- Your goal:
From the line with "数ナノメートル(nm)から数" to the final line of the data below, please write out every line exactly, with no pictures.
==================================================
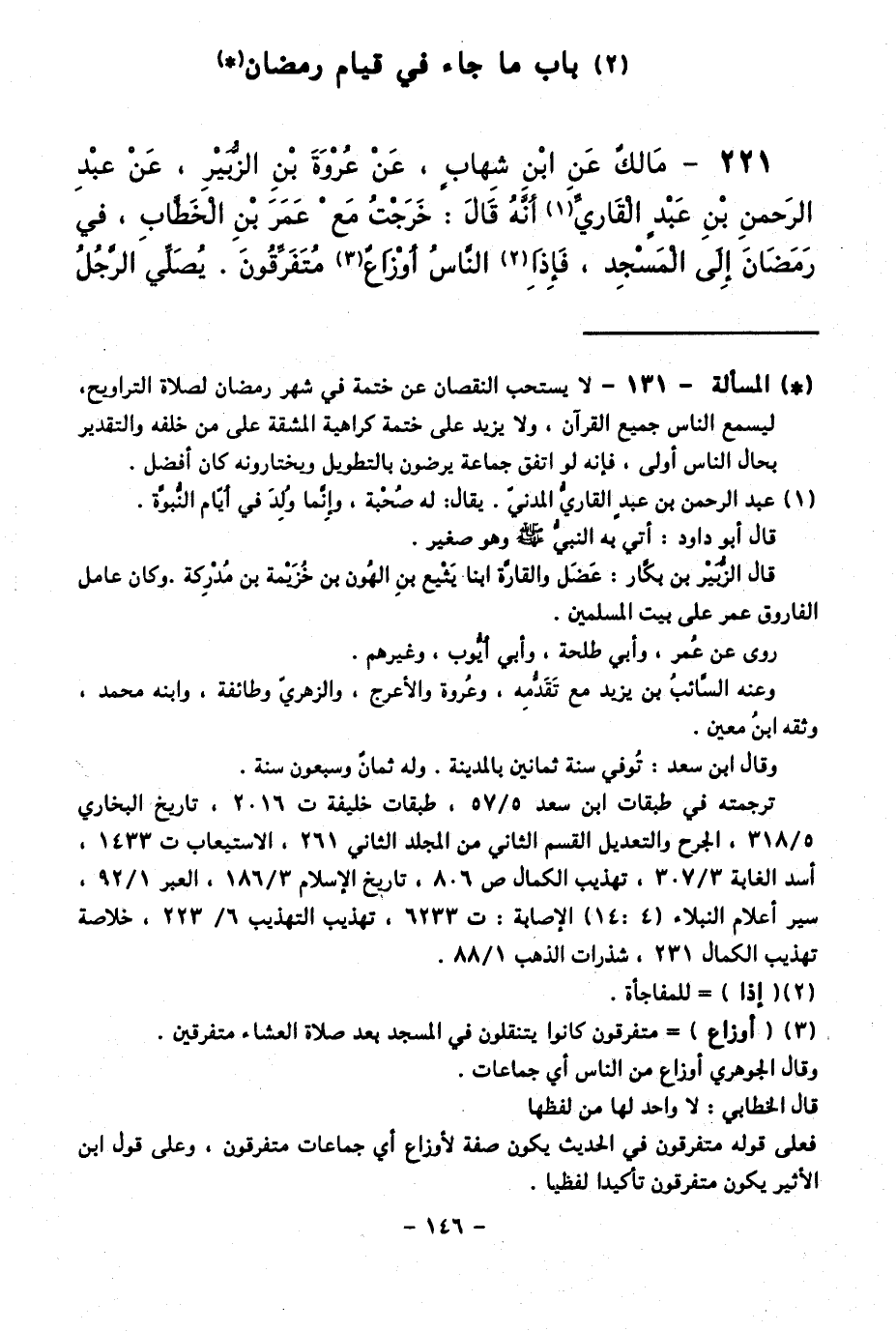 221 - مَالِكٌ، عَنِ ابْنِ شِهَابٍ، عَنْ عُرْوَةَ بْنِ الزُّبَيْرِ، عَنْ عَبْدِ الرَّحْمَنِ بْنِ عَبْدٍ الْقَارِيِّ أَنَّهُ قَالَ: خَرَجْتُ مَعَ عُمَرَ بْنِ الْخَطَّابِ فِي رَمَضَانَ إِلَى الْمَسْجِدِ، فَإِذَا النَّاسُ أَوْزَاعٌ مُتَفَرِّقُونَ ; يُصَلِّي الرَّجُلُ
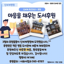<마음을 채우는 도서후원>신세계병원에 따뜻한 후원물품이 전달되었습니다.소설 및 시집 등 다양한 책이 도착하여병동 도서관에 새롭게 채워졌습니다!후원해주신 따뜻한 마음,환우분들을 위해 사용하도록 하겠습니다.감사합니다!후원문의 : 사회사업과 545-8707
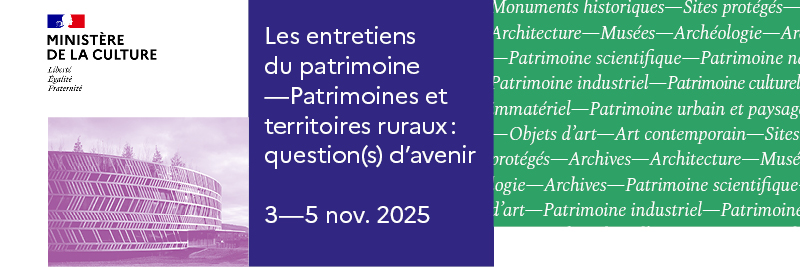 À la suite du succès de la reprise des Entretiens du patrimoine en 2023, la direction générale des Patrimoines et de l’Architecture du ministère de la Culture organise du 3 au 5 novembre 2025 une nouvelle édition sur le thème des patrimoines et des ruralités. Elle donnera aux différents acteurs (architectes, conservateurs, restaurateurs, chercheurs, collectivités locales, entreprises, associations, etc.) l’opportunité de débattre durant trois jours d’une question située au cœur de leurs missions. Cette rencontre se tiendra à la Bibliothèque nationale de France, site François Mitterrand, et pourra aussi être suivie à distance.
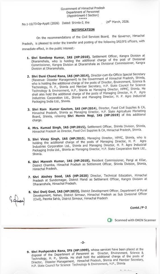 हेमिस नेगी इस अतिरिक्त प्रभार से मुक्त हो जाएंगे। कुमुद सिंह को  निदेशक, खाद्य, नागरिक आपूर्ति एवं उपभोक्ता मामले लगाया है।  विनय सिंह को प्रबंध निदेशक हिमाचल प्रदेश राज्य सहकारी बैंक लिमिटेड के रूप में नियुक्त किया है। मनीष कुमार को सेटलमेंट ऑफिसर शिमला डिवीजन के पद पर नियुक्त किया है।  अक्षय सूद को सेटलमेंट ऑफिसर कांगड़ा मंडल लगाया है।  द्विज गोयल को उप मंडल अधिकारी (सिविल) पांवटा साहिब नियुक्त किया है। आईएफएस अधिकारी पुष्पेंद्र राणा को पर्यावरण, विज्ञान एवं प्रौद्योगिकी विभाग का निदेशक नियुक्त किया गया है। वे निदेशक आपदा प्रबंधन और सदस्य सचिव हिमाचल प्रदेश राज्य विज्ञान, प्रौद्योगिकी और पर्यावरण परिषद (शिमला) के पदों का अतिरिक्त प्रभार भी संभालेंगे।
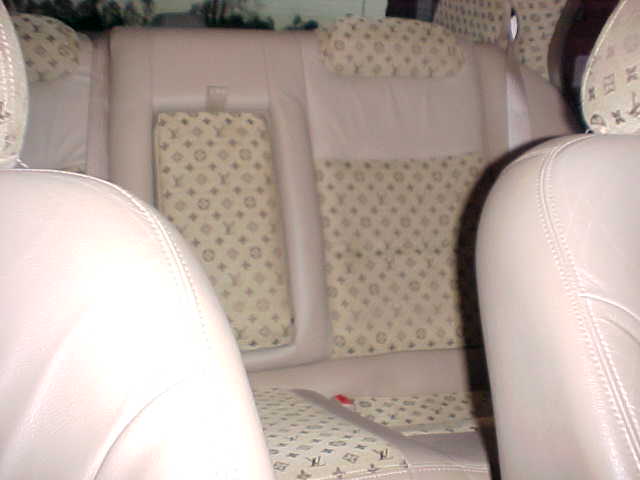 The headliner, back deck, door pockets, sunvisors, headrest, seat inserts, and trunk have all been upolstered in Louis Voutton. Props to Rusty at Penton's Auto Trim.
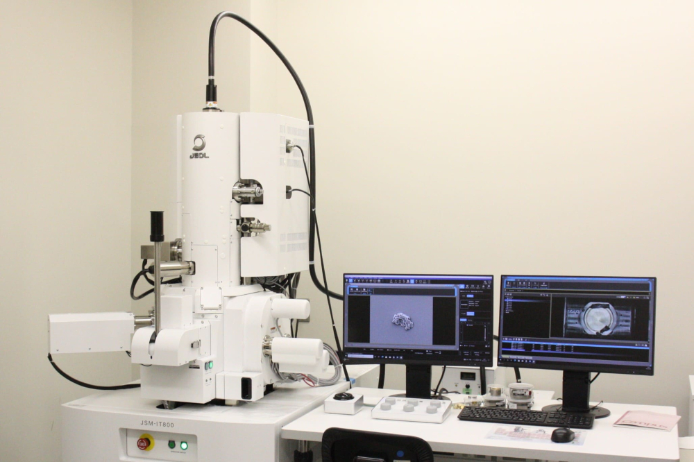 数ナノメートル(nm)から数マイクロメートル(μm)までの微細構造を群細に観察できる装置です。
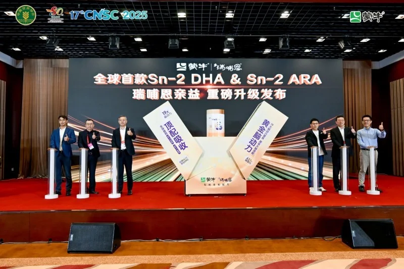 在婴幼儿营养领域,蒙牛亮相了全球首款Sn-2 DHA & Sn-2 ARA婴配粉——瑞哺恩亲益3.0全新升级。江南大学教授王兴国在报告中指出,通过发酵条件优化和脂质重构精准地将DHA和ARA酯化在Sn-2位,更贴近乳脂结构。动物实验结果表明,摄入Sn-2位DHA的实验组,其大脑组织中DHA的积累水平显著提高,并在认知行为测试中表现出色。Sn-2位技术同样显著提升了ARA的吸收与利用效率。两者协同能为婴儿脑发育提供更高效的营养支持。
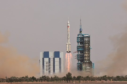 圖為5月30日,搭載神舟十六號(hào)載人飛船的長(zhǎng)征二號(hào)F遙十六運(yùn)載火箭在酒泉衛(wèi)星發(fā)射中心點(diǎn)火發(fā)射。新華社記者 李剛 攝
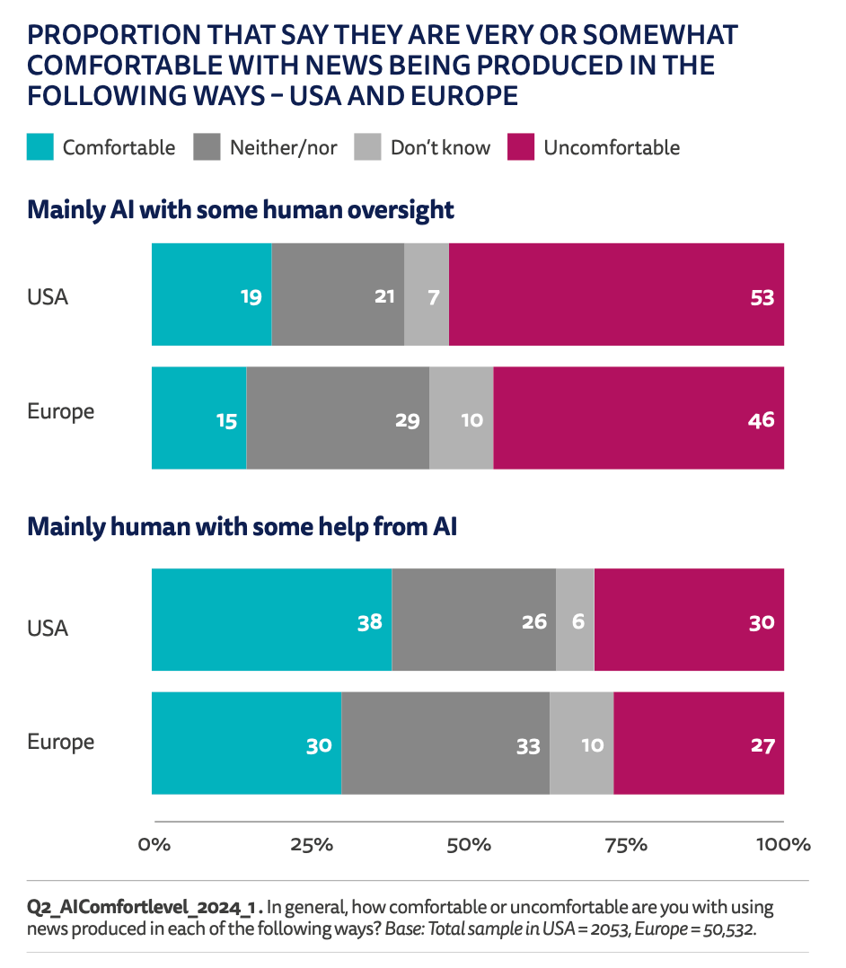 En Estados Unidos un 53% aseguró no sentirse cómodo con contenido hecho principalmente por inteligencia artificial.
==================================================
- Written response:
 数ナノメートル(nm)から数マイクロメートル(μm)までの微細構造を群細に観察できる装置です。
 在婴幼儿营养领域,蒙牛亮相了全球首款Sn-2 DHA & Sn-2 ARA婴配粉——瑞哺恩亲益3.0全新升级。江南大学教授王兴国在报告中指出,通过发酵条件优化和脂质重构精准地将DHA和ARA酯化在Sn-2位,更贴近乳脂结构。动物实验结果表明,摄入Sn-2位DHA的实验组,其大脑组织中DHA的积累水平显著提高,并在认知行为测试中表现出色。Sn-2位技术同样显著提升了ARA的吸收与利用效率。两者协同能为婴儿脑发育提供更高效的营养支持。
 圖為5月30日,搭載神舟十六號(hào)載人飛船的長(zhǎng)征二號(hào)F遙十六運(yùn)載火箭在酒泉衛(wèi)星發(fā)射中心點(diǎn)火發(fā)射。新華社記者 李剛 攝
 En Estados Unidos un 53% aseguró no sentirse cómodo con contenido hecho principalmente por inteligencia artificial.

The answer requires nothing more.